I wanted to save my sanity and play computer games the entire day.

(I have big questions for my parents because they left a 9-year-old child alone in Moscow).

Suddenly, while collecting eggs and milking cows in Happy Farm, I got a call from a family friend saying that some tragedy happened in the village and asking me if I would like to go there. Didn’t I say no already? Everyone left at 6 am. No, thank you, I’ll pass.

I spent days buying more chickens, eating wild strawberry jam that my mom, grandma, and my aunt had been canning the whole of August, and leaving the keyboard sticky, breadcrumbs all over the table.

A tragedy.

It is unusually sunny for November in Moscow, and I go outside with my godsister. We find a condom below the windows of our house.

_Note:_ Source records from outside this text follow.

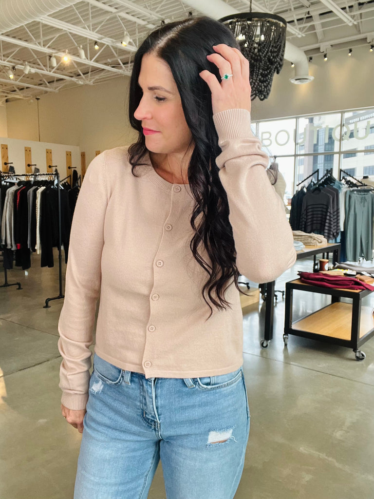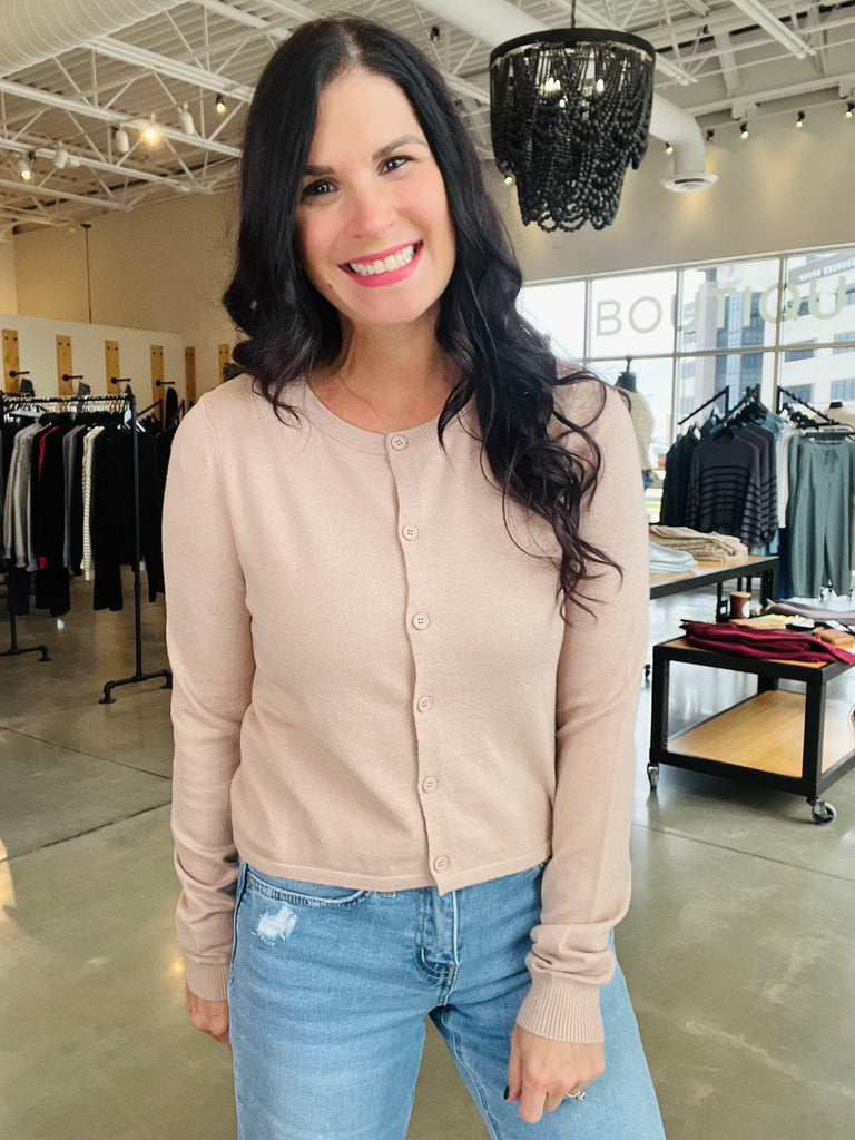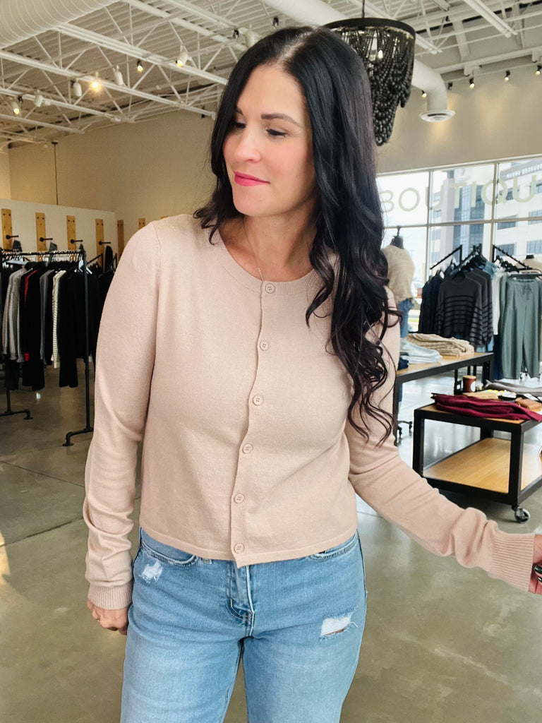 This Button Up Cardi is a classic. It's your go-to slim-fit cropped cardigan that adds a flirty twist to any outfit. Its sleek, form-fitting design hugs your silhouette, while the cropped length keeps things fun and fresh. Perfect for layering or wearing solo, it’s a playful way to stay cozy without sacrificing style.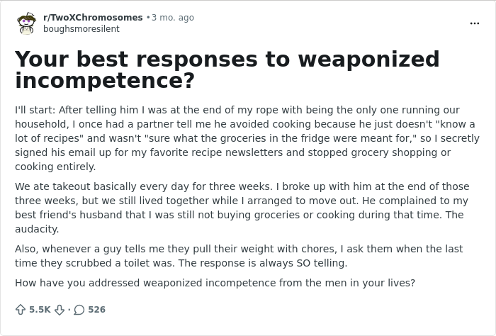 Someone shared how their husband refused to cook because he didn't "know a lot of recipes." Instead of taking it upon herself to do all the cooking, his wife not only decided to sign him up for all her favorite recipe newsletters, but she also stopped grocery shopping and cooking altogether. She's asked others to share their "best responses to weaponized incompetence."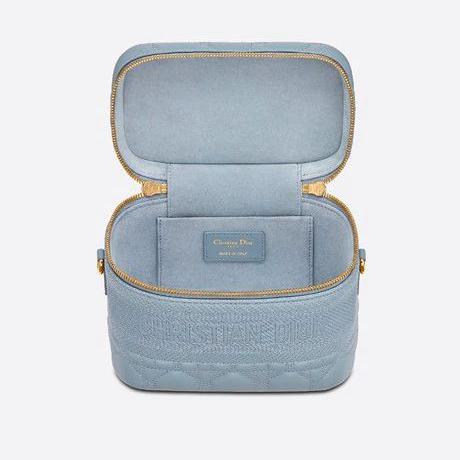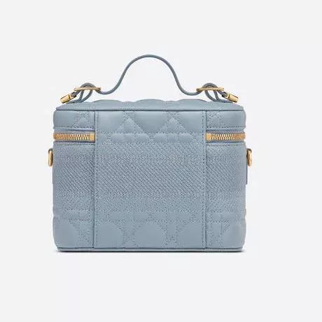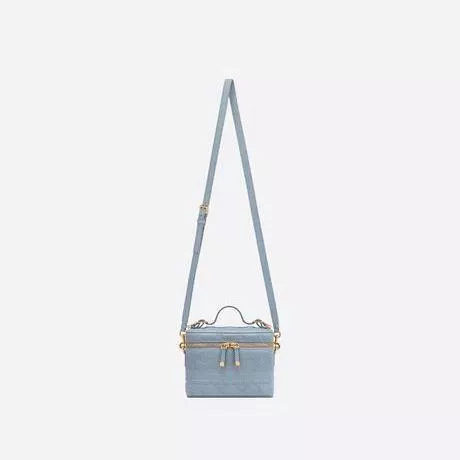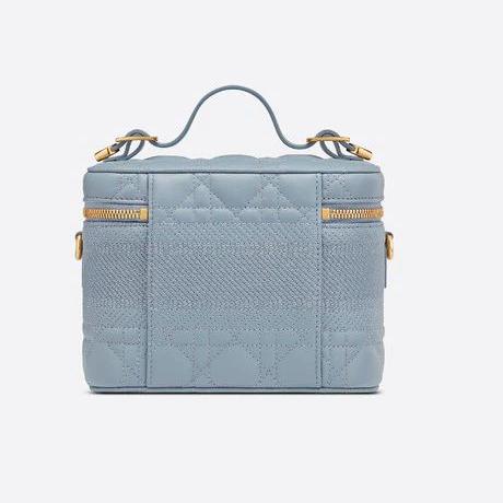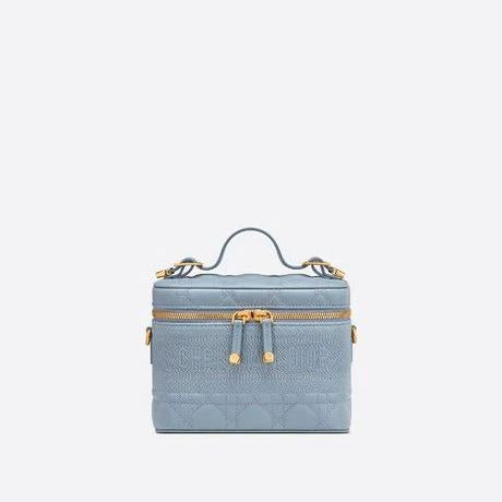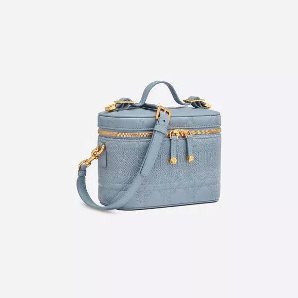 「DiorTravel (ディオール トラベル)」ヴァニティが、ミニサイズで登場。しなやかなクラウドブルーのラムスキンを使用し、「カナージュ」ステッチとエンボス加工の“Christian Dior”シグネチャー入りバンドをあしらいました。ジップクロージャーで開閉するメインコンパートメントには、スマートフォンやウォレット、AirPods用ケース、ノートブックなどを収納できます。普段使いに最適なこのヴァニティは、トップハンドルを使った手提げスタイルとしても、取り外し可能なショルダーストラップでショルダーやクロスボディバッグとしてもお使いいただけます。

While we stare at it, she gives me a flower and tells me that it is for my aunt’s grave.

GIRL WHAT DO YOU MEAN, SHE IS JUST 25.

Back then I thought that she did not know what she meant and, anyway, I always thought that she was a bit stupid.

It turns out she just got THE NEWS before me.

In a couple of years, my mom gave birth to another boy and another brother of my grandma died, making her the oldest sister who had to bury most of her family. I decide to never have children.

The gallery grows and there are now more of them than of us.